__INPUT RECORDS__.
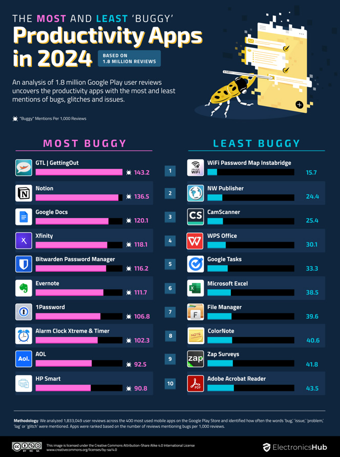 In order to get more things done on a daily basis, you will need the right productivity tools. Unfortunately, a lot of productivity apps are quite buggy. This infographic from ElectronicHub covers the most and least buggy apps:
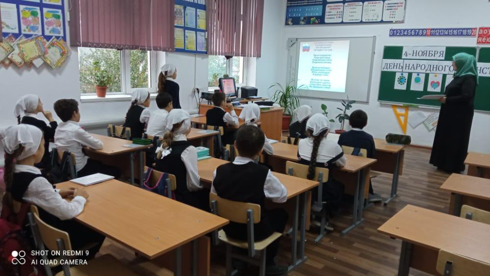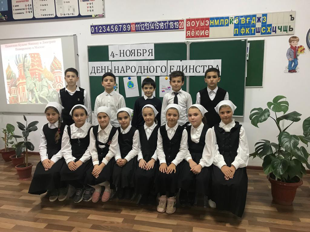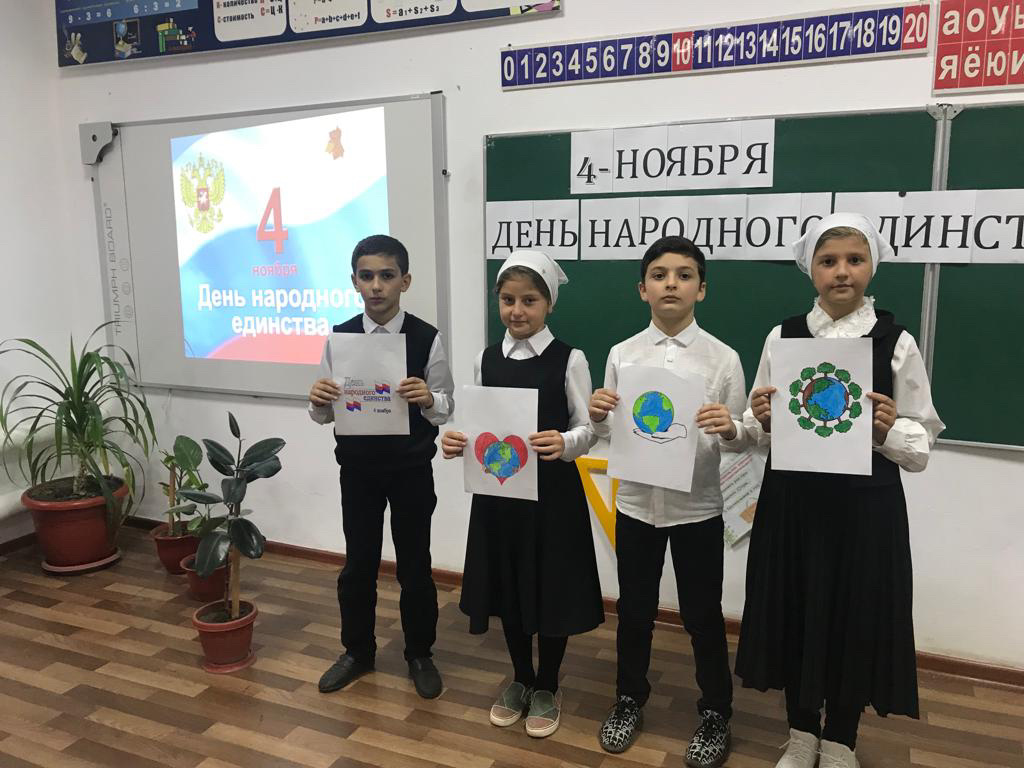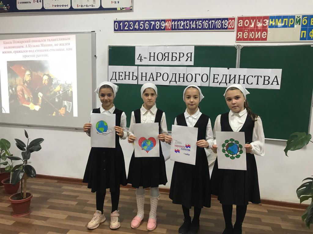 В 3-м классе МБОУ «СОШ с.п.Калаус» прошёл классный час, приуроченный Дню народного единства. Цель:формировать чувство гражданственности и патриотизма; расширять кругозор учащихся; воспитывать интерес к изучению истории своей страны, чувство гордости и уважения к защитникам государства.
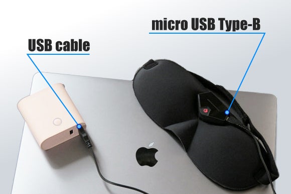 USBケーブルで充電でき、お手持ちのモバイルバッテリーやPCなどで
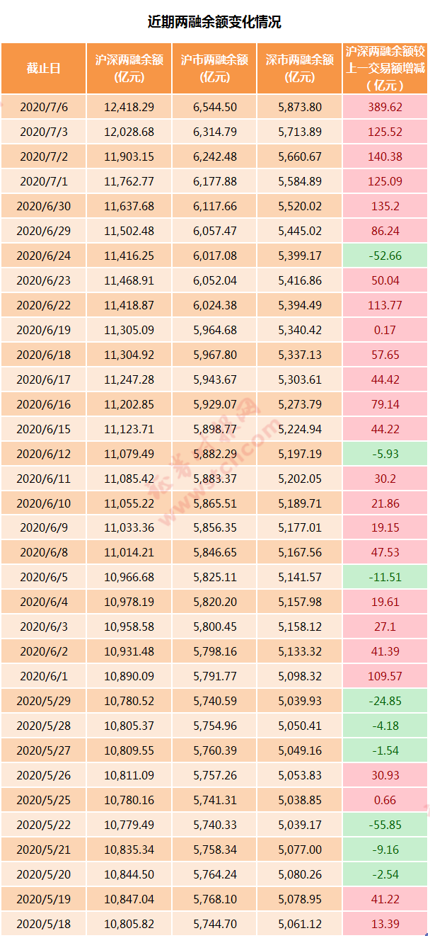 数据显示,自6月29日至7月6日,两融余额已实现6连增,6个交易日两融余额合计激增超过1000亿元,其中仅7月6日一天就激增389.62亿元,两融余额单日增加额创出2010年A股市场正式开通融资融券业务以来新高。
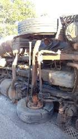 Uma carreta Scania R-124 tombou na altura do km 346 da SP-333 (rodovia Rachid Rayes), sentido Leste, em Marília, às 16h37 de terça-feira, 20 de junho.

__REQUIRED ACTION__. Give again, word for word, every line from the top of the data through the line with "USBケーブルで充電でき、お手持ちのモバイルバッテリーやPCなどで", both ends included, and exclude the pictures.

__RESPONSE BELOW__.
 In order to get more things done on a daily basis, you will need the right productivity tools. Unfortunately, a lot of productivity apps are quite buggy. This infographic from ElectronicHub covers the most and least buggy apps:
 В 3-м классе МБОУ «СОШ с.п.Калаус» прошёл классный час, приуроченный Дню народного единства. Цель:формировать чувство гражданственности и патриотизма; расширять кругозор учащихся; воспитывать интерес к изучению истории своей страны, чувство гордости и уважения к защитникам государства.
 USBケーブルで充電でき、お手持ちのモバイルバッテリーやPCなどで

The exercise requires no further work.